- _Input data_:
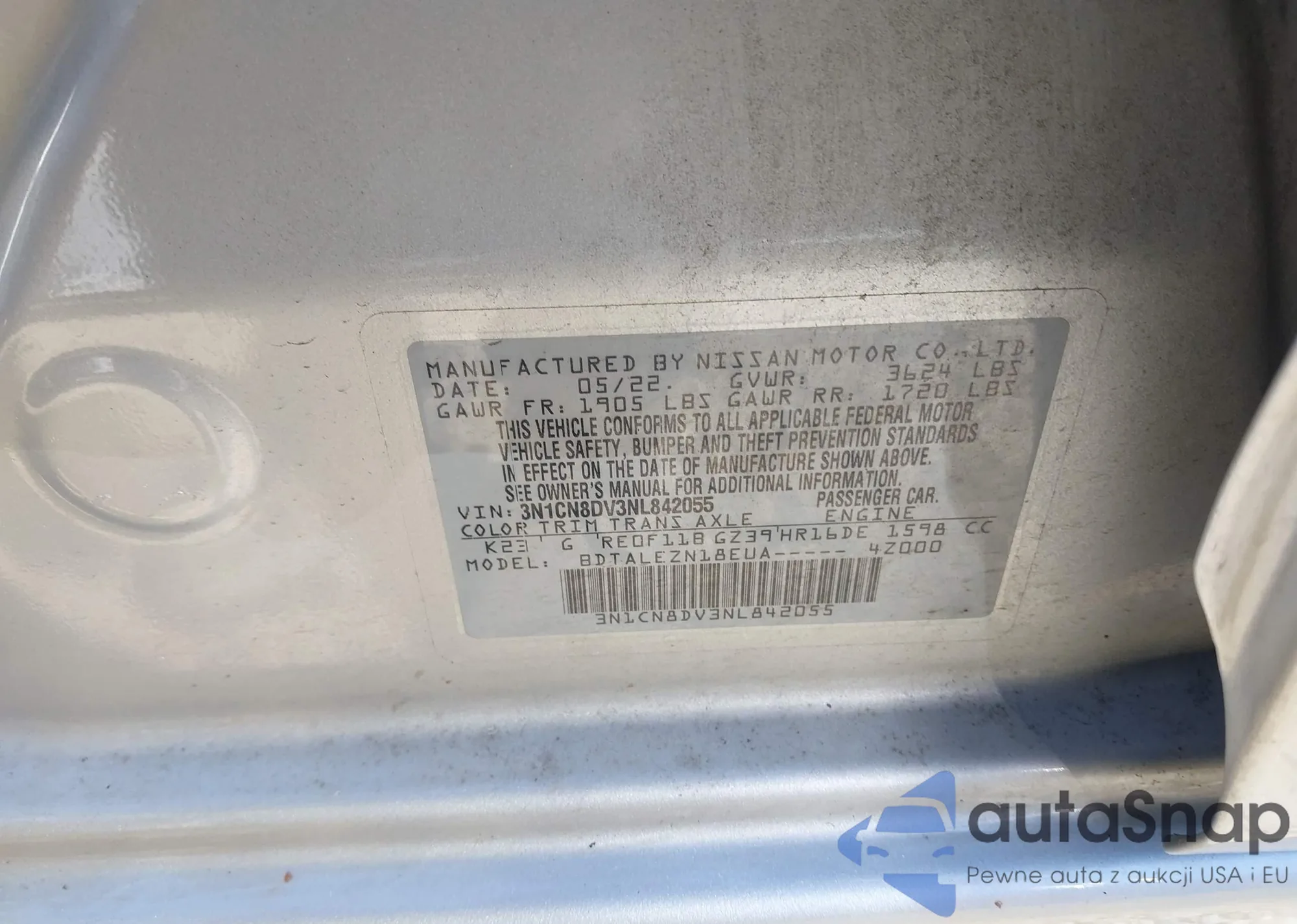 LOT: 42670707 VIN: 3N1AB7AP6FY275537
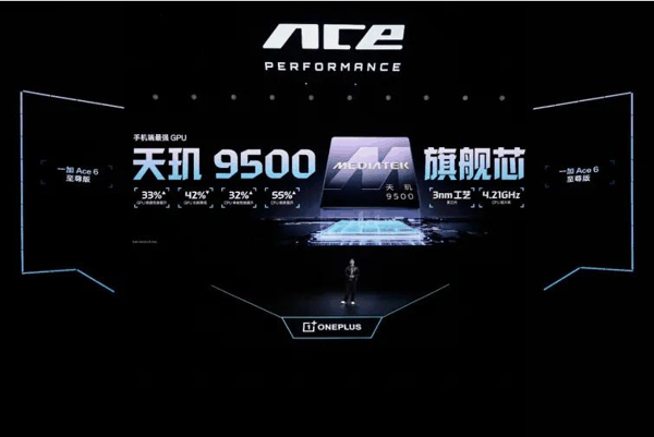 一加 Ace 6 至尊版搭载联发科当代旗舰芯——天玑 9500,其采用台积电第三代 3nm(N3P)工艺与全大核架构,相比上代 CPU 性能提升 32%,功耗降低 55%。GPU 层面,天玑 9500 搭载移动端最强 GPU G1-Ultra,峰值性能相较上一代提升 33%,光线追踪渲染性能大幅提升 119%,功耗降低 42%。
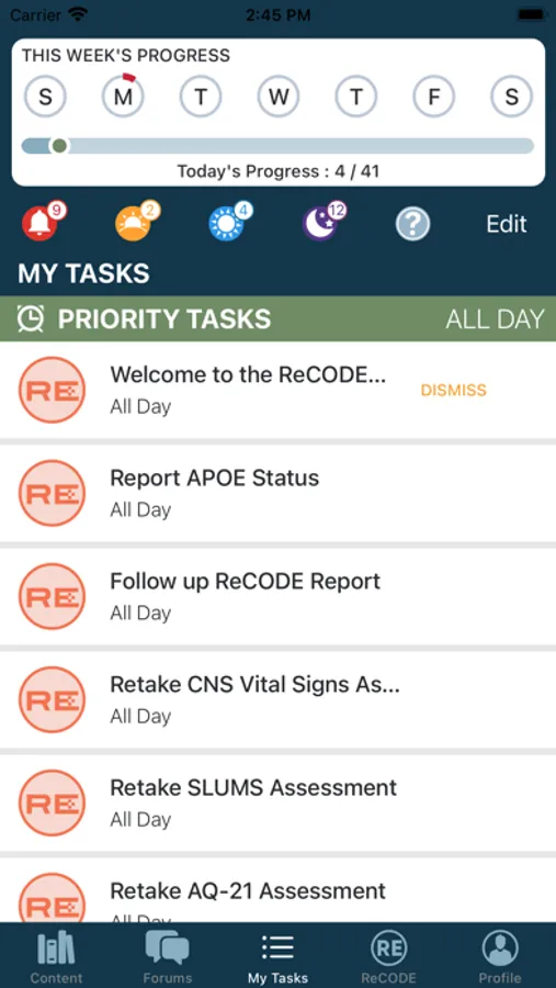 - View your daily and weekly adherence to your protocol tasks as well as a history of your progress.
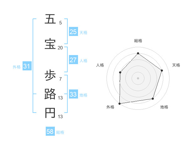 五宝 歩路円さんを姓名の画数から五運を鑑定
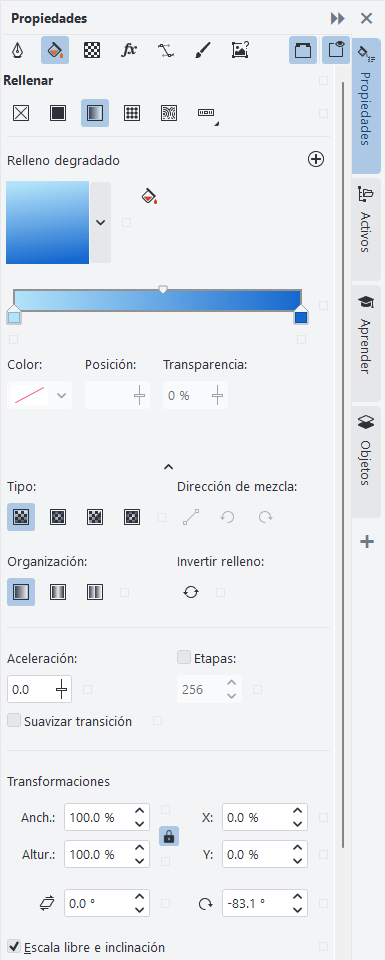 Seleccione los dos nodos o el punto medio entre ellos y en el área Relleno de la ventana acoplable Propiedades y escoja una opción de dirección de mezcla:

- _Work instructions_:
Give back all the material exactly, with no pictures.

- _Problem solution_:
 LOT: 42670707 VIN: 3N1AB7AP6FY275537
 一加 Ace 6 至尊版搭载联发科当代旗舰芯——天玑 9500,其采用台积电第三代 3nm(N3P)工艺与全大核架构,相比上代 CPU 性能提升 32%,功耗降低 55%。GPU 层面,天玑 9500 搭载移动端最强 GPU G1-Ultra,峰值性能相较上一代提升 33%,光线追踪渲染性能大幅提升 119%,功耗降低 42%。
 - View your daily and weekly adherence to your protocol tasks as well as a history of your progress.
 五宝 歩路円さんを姓名の画数から五運を鑑定
 Seleccione los dos nodos o el punto medio entre ellos y en el área Relleno de la ventana acoplable Propiedades y escoja una opción de dirección de mezcla:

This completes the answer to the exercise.